Beer and Roast Pork Knuckles: Or How to Give the People What they Want

I was in Munich for a conference this week.  The trip coincided with the last weekend of Oktoberfest. Our gracious German hosts took us to dinner at the oldest restaurant in Munich, a house of traditional Bavarian cuisine.  I’d never seen so many ways to serve pork products or to fry fruit and vegetables.  I found it difficult to understand how such a rich and diverse culture could produce a cuisine that was more than a little hard to swallow.  Then I remembered it wasn’t created for my palate.  And who was I to argue with the marketing strategy of a 550 year-old-restaurant? 

It reinforced one of my points from last week: don’t talk to yourself.  The converse of that is:  listen to your customers, understand the context for your product or service in their worlds, and deliver on their expectations within that context. 

As marketers we like to talk to ourselves.  We spend a lot of energy thinking about messaging, media and market share.  We forget that the people we’re marketing to are just like us.  They have lives, they have more important things to think about than our brands, and (in the US) they’re receiving upwards of 3,000 messages in 9+ hours of media use each day. 

We tend to think of brand ubiquity as a virtue, and we spend a lot of time and money to ensure that brand representation is consistent.  Sometimes we prove the adage that consistency is the hobgoblin of small minds.  This is painfully true when we move out of our own local markets to other countries.  Here’s one example.

In September 2000, McDonald’s introduced the McFalafel in the Egyptian market to tepid reviews.  Three years later, as anti-American sentiments began to crescendo in various Arab countries, local residents began boycotting American consumer packaged goods products like McDonald’s and Coca Cola.  To the surprise of many US-based analysts, a substantial amount of the activity around these boycotts was stimulated using SMS, email and WWW postings.  This despite relatively low PC/Internet penetration and literacy rates in many of these countries. 

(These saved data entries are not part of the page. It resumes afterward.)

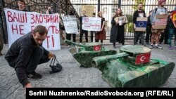 Також біля посольства встановили два картонні макети танка, що символізують військову операцію Туреччини в Сирії.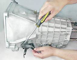 6. Шлицевой отверткой отгибаем край чехла вилки выключения сцепления и снимаем чехол.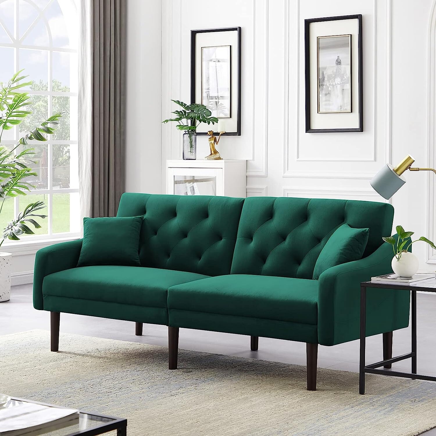 Modern Velvet Futon Sofa Bed with Armrests and 2 Pillows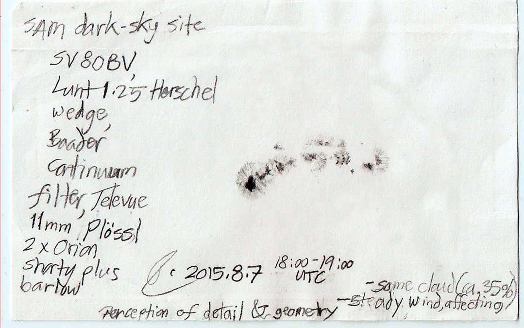 Alex writes: We were fortunate to have marvellous transparency that summer's night. Seeing was poor, and magnification had to be kept down low. But you take what you get.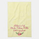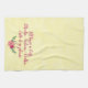 Lit la serviette de cuisine jaune doux J'aurai un Cafe-Mocha-Valium-Vodka Latte à aller s'il vous plaît en écriture rose. Ci-dessous, un joli spray de fleurs roses.
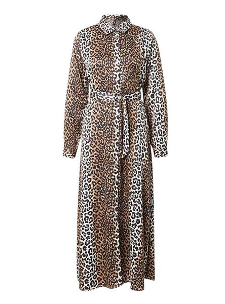 Kleid Only. Hemdkragen. Leopardenmuster. Lange Ärmel. Midi-Länge. Zurückhaltendes Format. Taillenweite verstellbar mit Gürtel. Vorderverschluss mit Knöpfen.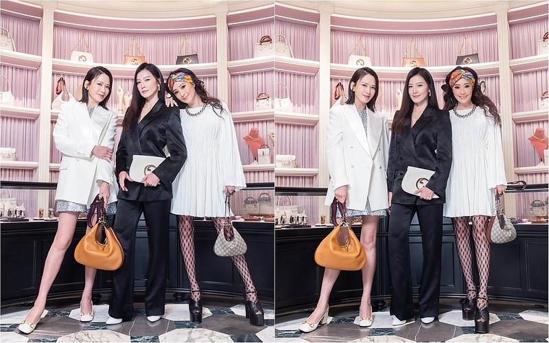 此次榮幸邀請許久未公開露面的演員林熙蕾、率性女星關穎,以及時尚媽咪 Melody,藉著開幕活動齊聚一堂,享受品牌流淌在時裝及生活品味的優雅格調。三位女星不僅在現場展現閨密交情的絕佳默契,也藉由不同的 Gucci 風格造型,傳達心中對於新時代女性的定義。林熙蕾身穿一席黑色套裝,一顯俐落高雅;關穎的百摺短洋裝,及腳上的復古龐克高跟鞋,充分展現她率真的個性;相比平時節目上所見的淑女風格,Melody則換上銀色亮片套裝,外搭白色寬版西裝外套,精緻且優雅。三人皆透過 Gucci 單品展現自身的時尚好品味,更藉由各自搭配的包款,以畫龍點睛之姿點出高衣Q。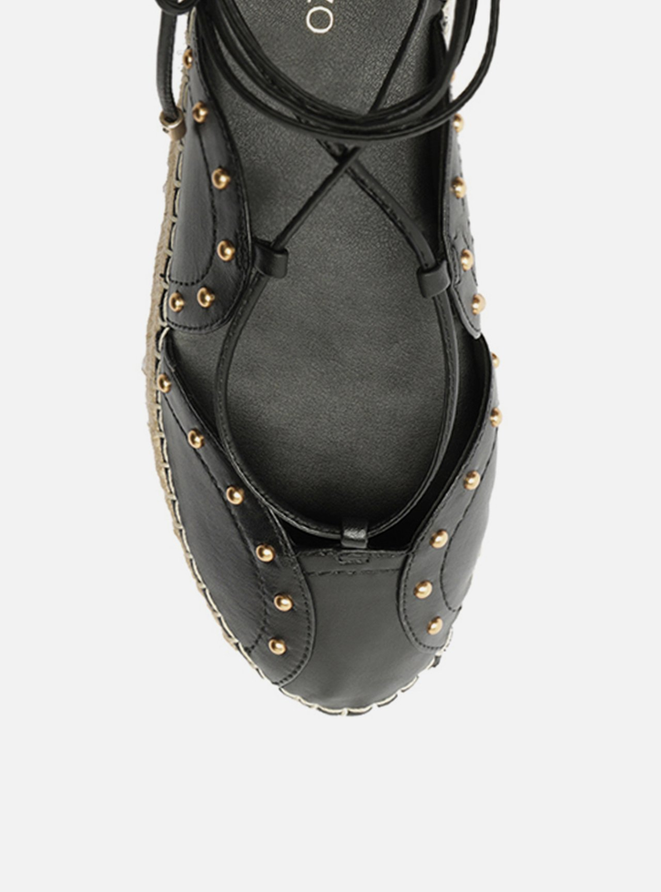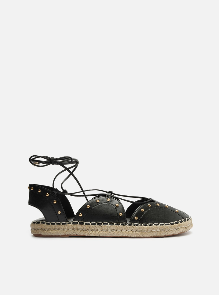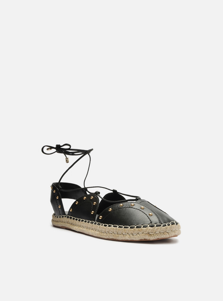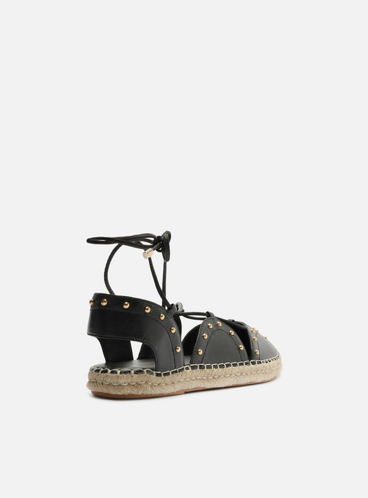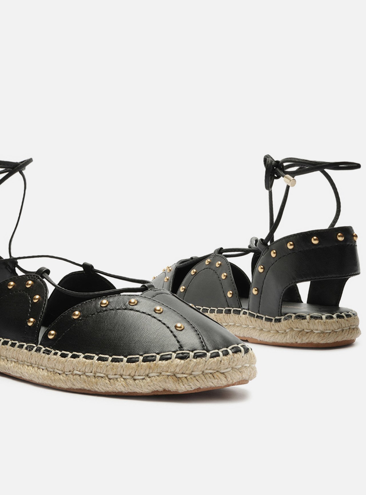 Espadrille preta de couro. O modelo tem salto rasteiro, base revestida em palha com costuras e bico redondo. Traz cabedal recortado nas laterais e tira no calcanhar, ambos com aplicação de studs no contorno. Traz tiras finas conectadas ao cabedal, que se cruzam no peito do pé, contornam o tornozelo e as pernas e fecham em amarração superior. Com palmilha preta e inscrição do nome da marca, exibe todo o peito do pé e calcanhar.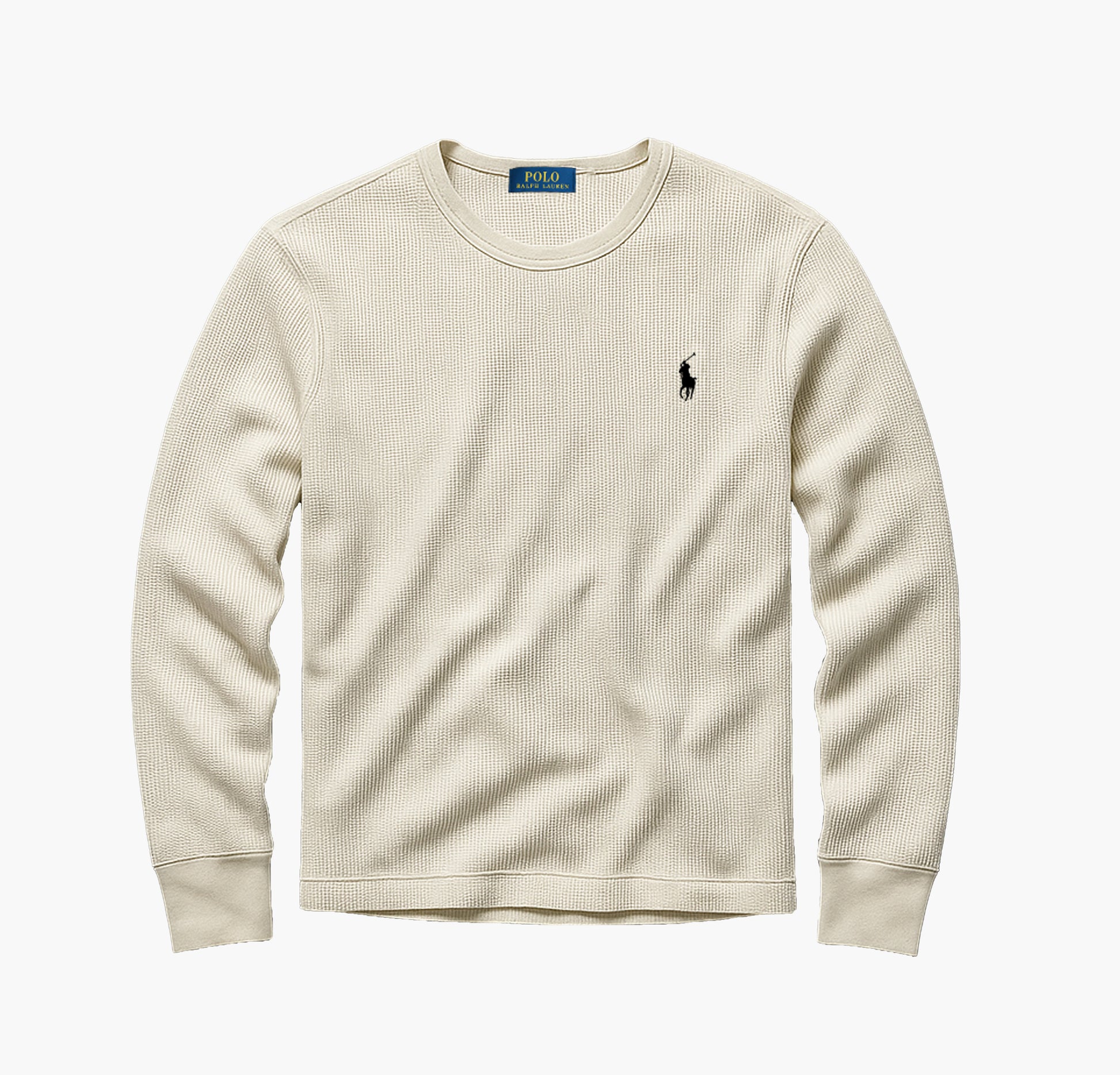 Details: Classic Ralph Lauren waffle-textured knit sweater, embroidered chest logo, long sleeves, soft cotton fabric, worn only a few times, excellent overall condition

Last March I met with the leading Egyptian McDonald’s franchisee, a savvy businessman from Cairo.  He told me that he responded to the boycotts with a promotion to donate a portion of his profits on every purchase to a local children’s cancer hospital. His sales quickly rose above pre-boycott levels.  Not so for Coca-Cola and other American brands who continued to insist on marketing America and “American values” rather than American products.  They talk too much and they don’t listen.

These days there are many ways to listen.  You can use classic marketing techniques such as primary and secondary research.  And you can glean a lot from online buzz and blogs. Whatever you do, be sure that you’re putting yourself in the contexts of your customers and prospects.  Establish a system for testing, measuring and refining your messages and promotions.   Take advantage of our diverse and fragmented marketing environment.  Conduct small-scale, discretely structured programs which offer low-cost methods of actually observing consumer behavior and refining your offerings, media plans and creative accordingly. 

Most importantly, take your ideas and insights from a diverse and qualified array of sources, and not just from your boardroom.  After all, how else would you learn that one person’s McFelafel is another‘s Schweinshaxe?